Zero below her, the only control she had in her life came from the very thing she didn't possess.

The song ended and Yuuki looked up to see a man, the manger of the academy, waving at her from the stands. The girl unplugged herself.

"YOU HAVE A VISATOR!" The stout, balding fellow bellowed.

Yuuki liked him; he had a very strange sense of humour. "VISITING HOURS ARE OVER!" She called back.

She could see her manager drop his head a chuckle before waving a hand, dismissing her statement as rubbish. "I'll send him to your dorm."

"WHAT?"

"HE'LL BE AT YOUR DORM!"

Yuuki rode over to the stands, her throat hurt. "Don't send men to my dorm. Send him to the stables." Pause. "Who is it?"

The man shrugged. "No idea. I asked if he was family and his response was somewhat confusing."

"Oh." Apprehension flooded over the girl.

"Do you still want to see him?"

Yuuki blinked and nodded, smiling her uncertainty away. "Yes."

He had come. He wanted to see her. He wanted her.

Yuuki was carrying her saddle to the tack room when her father entered the stables. He stood and watched her go about her business, impressed almost at how she seemed to be running the happenings of the centre. Yuuki was leaning over a stall, talking to a man about twenty years her senior who wanted her opinion on his new saddle.

"I'd pad it, just a bit. The space under the withers is a tad too much and it's sitting a little too flat on the back."

The man looked at the saddle a second time; the problems were hardly noticeable but would prove uncomfortable for him in the future. "I hadn't even noticed. The saddle maker said it was good."

"It is good." The girl smiled at him. "But it can be even better."

"Thanks Yuuki." The man let her leave as she shifted the weight of her saddle as it rested heavily on her arm.

"Anytime." She hesitated and turned back to him. "You going to that...uh...lecture thing...tomorrow?"

"Uh...nah, probably not. Heard it all before, how can this time around be so different to last? Those things are really for the newies."

"Awesome. I'm going to put this down and I will see you tomorrow."

"Bye, Yuuki."

The girl disappeared through the door next to the stall and re-emerged with free hands. She looked up and saw her father standing there. He was leaning on one jean clad leg, his thumbs through the belt hooks, smiling softly. Yuuki walked over to him, demanding that the butterflies in her stomach settle down.

She was wanted. He had come. He cared. He needed her.

"Hi." Her voice was soft.

"Hey kiddo. Got some good friends there. What's he? Three times gold?"

"Four."

"Huh."

There was a long silence.

"Do you need something?"

Shang Cunxin stood upright and crossed his arms. "I need you, Yuuki."

Her heart sped up. She had needed to hear those words from someone, anyone, and finally she had.

"Why?" She replied.

Her father started walking away, motioning for her to follow. "Because, I messed up as a dad. I blamed things on you that weren't you fault. I pushed you to hard."

Yuuki followed and paused at her dorm. "It was hard on all of us, with mom...I understand."

"Good girl." He watched as she unlocked her room. "Look, I was wondering if...maybe...you wanted to come to dinner tonight? Mako's at home, it was really his idea. Um...we could, try this again?"

"Um." The girl pulled her boots off and banged them on the concrete outside to get the mud off them. "I guess."
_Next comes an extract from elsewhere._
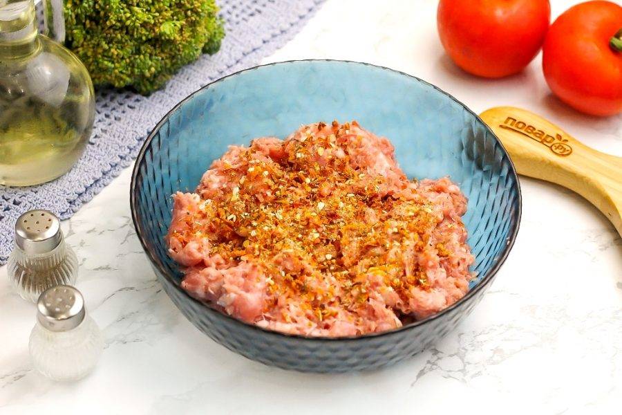 Выложите фарш в глубокую миску или салатник, но без серебристых или золотистых линий, не пластмассовый и не алюминиевый! Присыпьте приготовленной приправой. Можно использовать молотый сушеный чеснок, измельченные вяленые томаты с базиликом, орегано и т.д. Тщательно вымешайте все содержимое емкости.

Inside she was over the moon. The night things had gone wrong, the night he had called her, she realised that she had two people in her life to lose. One she thought she had already lost, but if he wanted her back then she was prepared to take that. Yuuki was prepared to be loved after living in such an arid emotional climate for so long. She needed to feel something more than angst. She needed to know that things could be reversed, turned around, healed. Even after her moment with Kyoya, the girl had been unsure of the possibility. Of course she wanted him back, but just like the Ootori had, she decided to leave the door open for two good things and hope it would blend into one.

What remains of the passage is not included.